Nativity Fasting Rules Explained

The fasting rules permit fish, and/or wine and oil on certain feast days that occur during the course of the fast. But not clown fish, yuk!

In the Eastern Orthodox Church, the Nativity Fast runs from November 15 until after Liturgy for Nativity and traditionally entails fasting from red meat, poultry, meat products, eggs, dairy products, fish, oil, and wine. Fish, wine and oil are allowed on Saturdays and Sundays, and oil and wine are allowed on Tuesdays and Thursdays. The fasting rules permit fish, and/or wine and oil on certain feast days that occur during the course of the fast: Evangelist Matthew (November 16), Apostle Andrew (November 30), Great-martyr Barbara (December 4), St. Nicholas (December 6), St. Spiridon and St. Herman (December 12), St. Ignatius (December 20), etc. The Nativity Fast is not as severe as Great Lent or the Dormition Fast.

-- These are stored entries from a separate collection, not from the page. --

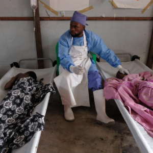 7月10日,在刚果(金)首都金沙萨市郊的一座霍乱治疗中心,医护人员对病患进行治疗。
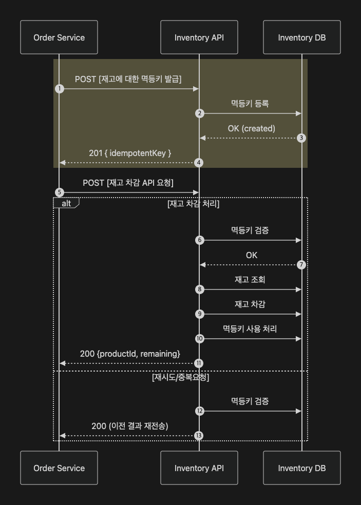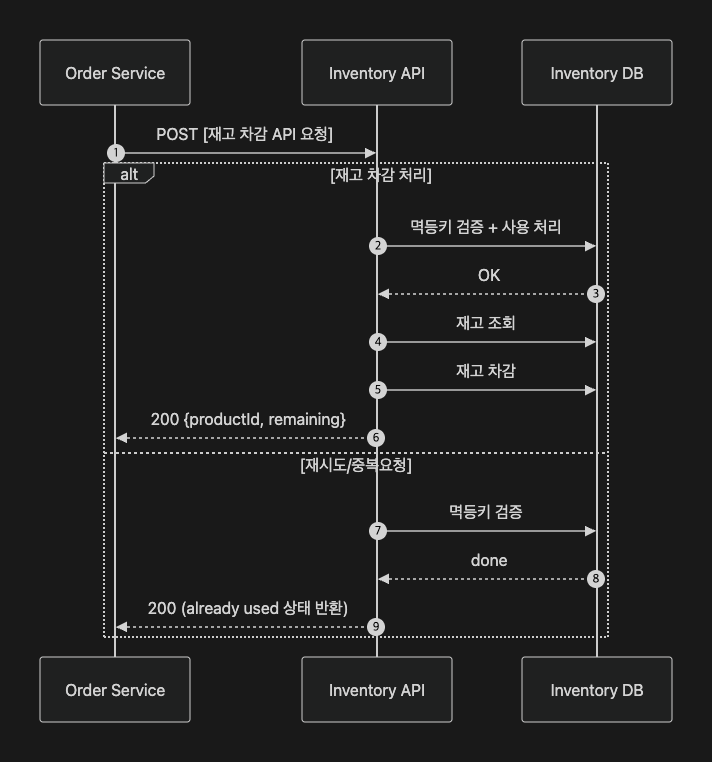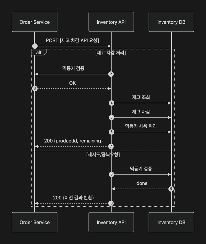 - 주문 서비스는 멱등키와 재고 정보를 포함하여 재고 차감/증가 API 요청
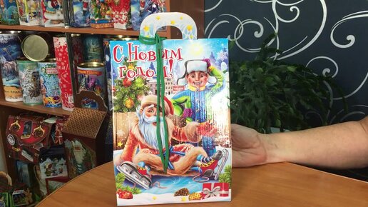 Дед мороз на коньках - сладкий детский Новогодний подарок в картонной упаковке
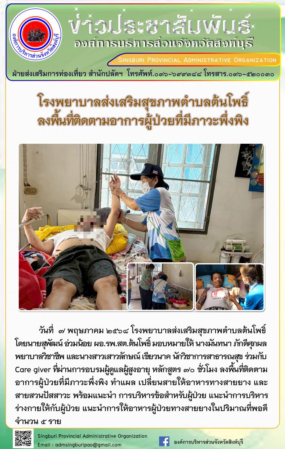 โรงพยาบาลส่งเสริมสุขภาพตำบลต้นโพธิ์ ลงพื้นที่ติดตามอาการผู้ป่วยที่มีภาวะพึ่งพิง [7 พฤษภาคม 2568]

As is always the case with Orthodox fasting rules, persons who are ill, the very young or elderly, and nursing mothers are exempt from fasting. Each individual is expected to confer with their confessor regarding any exemptions from the fasting rules, and should never place themselves in physical danger.

There has been some ambiguity about the restriction of fish, whether it means the allowance of invertebrate fish or all fish. Often, even on days when fish is not allowed, shellfish may be consumed. More detailed guidelines vary by jurisdiction. The Church strictly states that from the December 20 to December 24 (inclusively), no fish may be eaten.

In answer to the question on your mind… YES, in the Antiochian Orthodox Church in America there is a dispensation for Thanksgiving.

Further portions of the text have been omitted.